Unwonted vigor? A1 has an unusual configuration this morning. (And I'm not referring to Danny Hakim's gee-whiz robo-car story, which as an A1 item is just weird, not, I'm sorry to say, unusual.) The lead is given to a basically local story (though obviously with national resonance) that fingers financial self-aggrandizement on the part of the private Statue of Liberty-Ellis Island Foundation as the cause of delays in the post-9/11 reopening of the Statue (Mike McIntire, "Extra Fund-Raising Put Off Statue of Liberty Reopening"). The article, a sharp critique, thoughtfully places the Statue endowment, which seems to be regarded by its officers as their own permanent employment program, within the larger context of privatization in the maintenance of national parks and other public spaces, noting that "the practice blossomed during the Reagan administration, which urged greater use of public-private partnerships throughout the government."

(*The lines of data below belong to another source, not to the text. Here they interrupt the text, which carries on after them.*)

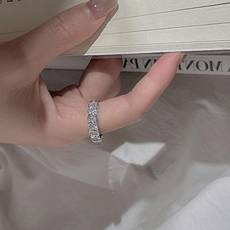 แหวนเงินแท้ S925 ดีไซน์เรขาคณิต ดีไซน์เฉพาะตัว เรียบง่าย ทันสมัย สไตล์วินเทจ แหวนเปิด ประดับเพชรทรงรี
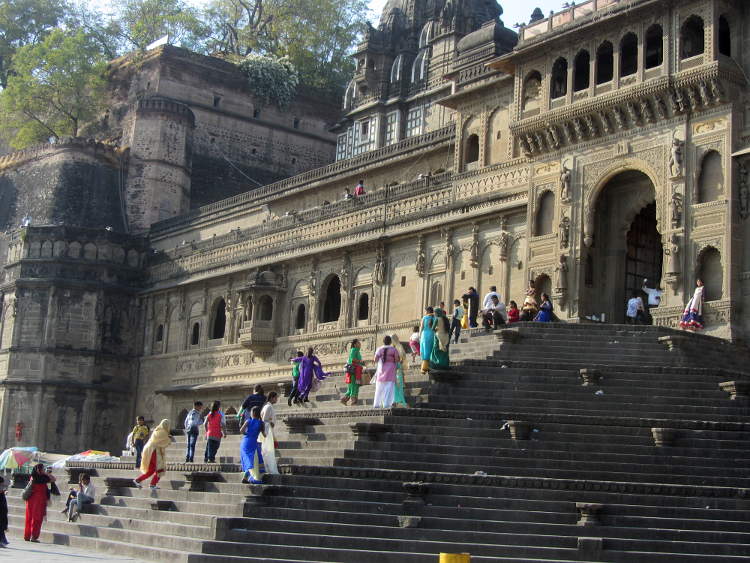 There is nothing much to do in Maheshwar so I spent most of my time just hanging out by the ghats watching the other tourists/pilgrims and often being asked to pose with them for a photograph. One motley bunch was especially interesting. All men, both young and old from Gujarat. They said they were holy men (sadhus) on a pilgrimage and they were very interested in whether I smoked narcotics. They also wanted money off me but it soon became clear they were not begging, they just wanted European coins. I'm not sure why.
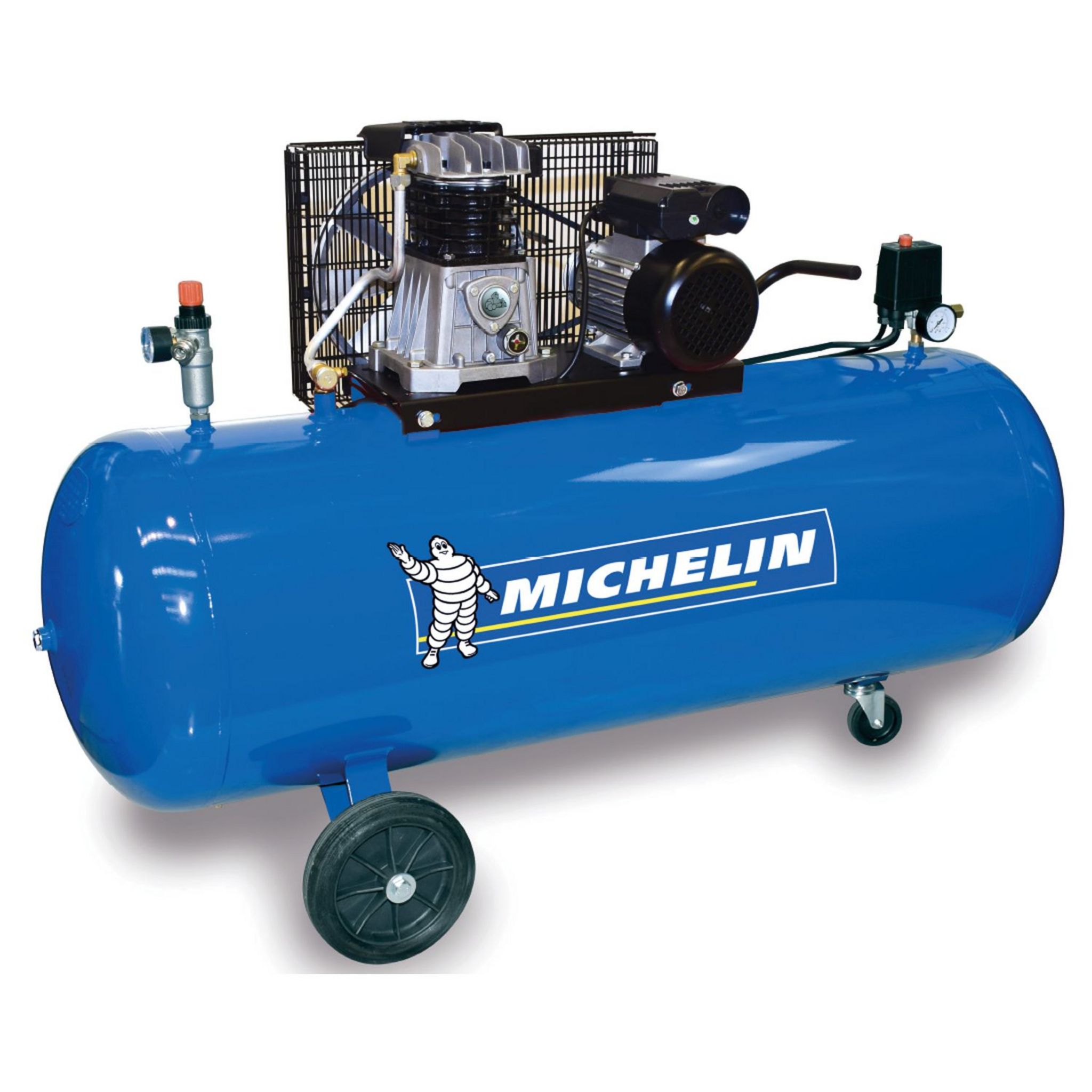 Compresseur 3 CV 200 Litres Michelin -- Moteur 3 HP/230V - Pression maximum: 10 bars réglable - Groupe de compression Courroie - Débit d'air aspiré: 350 l/min - Débit d'air restitué à 7 bars: 240 l/min - 2 Cylindres fonte en ligne - Poids Brut: 97kg - Dimensions déballé (hxLxl) 105x157x54 cm - Provenance Italie - Garantie 2 ans

Add to the unusualness Steven Greenhouse's labor piece, which appears on two columns beneath the Statue of Liberty story ("Altering of Worker Time Cards Spurs Growing Number of Suits"). Greenhouse, who's been terrific in the past on abuse of workers at Wal-Mart, expands his corporate focus today to include retailers like Toys "R" Us, Family Dollar, and Pep Boys, but he's still focusing on the consequences of the Wal-Mart economy as he puts together recent lawsuits to discern a real, meaningful trend: retailers who steal wages from their already immiserated employees by forcing store managers to shave worker hours ("Altering of Worker Time Cards Spurs Growing Number of Suits"). More great work from Greenhouse, who even nails down the class issues:
Compensation experts say that many managers, whether at discount stores or fast-food restaurants, fear losing their jobs if they fail to keep costs down.
"A lot of this is that district managers might fire you as soon as look at you," said William Rutzick, a lawyer who reached a $1.5 million settlement with Taco Bell last year after a jury found the chain's managers guilty of erasing time and requiring off-the-clock work. "The store managers have a toehold in the lower middle class. They're being paid $20,000, $30,000. They're in management. They get medical. They have no job security at all, and they want to keep their toehold in the lower middle class, and they'll often do whatever is necessary to do it."
Sadly, the reportorial vigor on display in A1's off-beat stories isn't matched in the long piece by David Johnston and Eric Schmitt that gets above-the-fold honors ("Uneven Response Seen on Terror in Summer of 2001"). [Everybody seems to get in on the reporting job on this one: David Sanger, Richard Stevenson and Steven Weisman are all credited with contributions.] You glance at it and think, hey, the Times has finally decided to join the party—I did, but shouldn't have got my hopes up; that big accompanying Cowboy Dubya photo from Aug. 6, 2001 (the day of the fateful Al Qaeda hijack briefing) ought to have given pause. So should the byline. Much like Johnston's similary lengthy review of the history of the bin Laden hunt a week and a half ago, written with Todd Purdum ("Missed Chances in a Long Hunt for bin Laden"), this is dull, by-the-numbers, unnamed-Administration-source-happy writing with nothing in the way of a discernible viewpoint. Wherever the authors can repeat an Administration justification for its inaction through Sept. 2001, they do; at no point in the article do they attempt to directly critique any statement from Rice or anybody else on Team Bush, or point out where their reporting contradicts (as implicitly it often does) the official White House line. Josh Marshall calls this "an important article," but to my eye this is strictly CYA on the Times' part in advance of Rice's public testimony. Johnston seems to be their go-to guy for this sort of thing.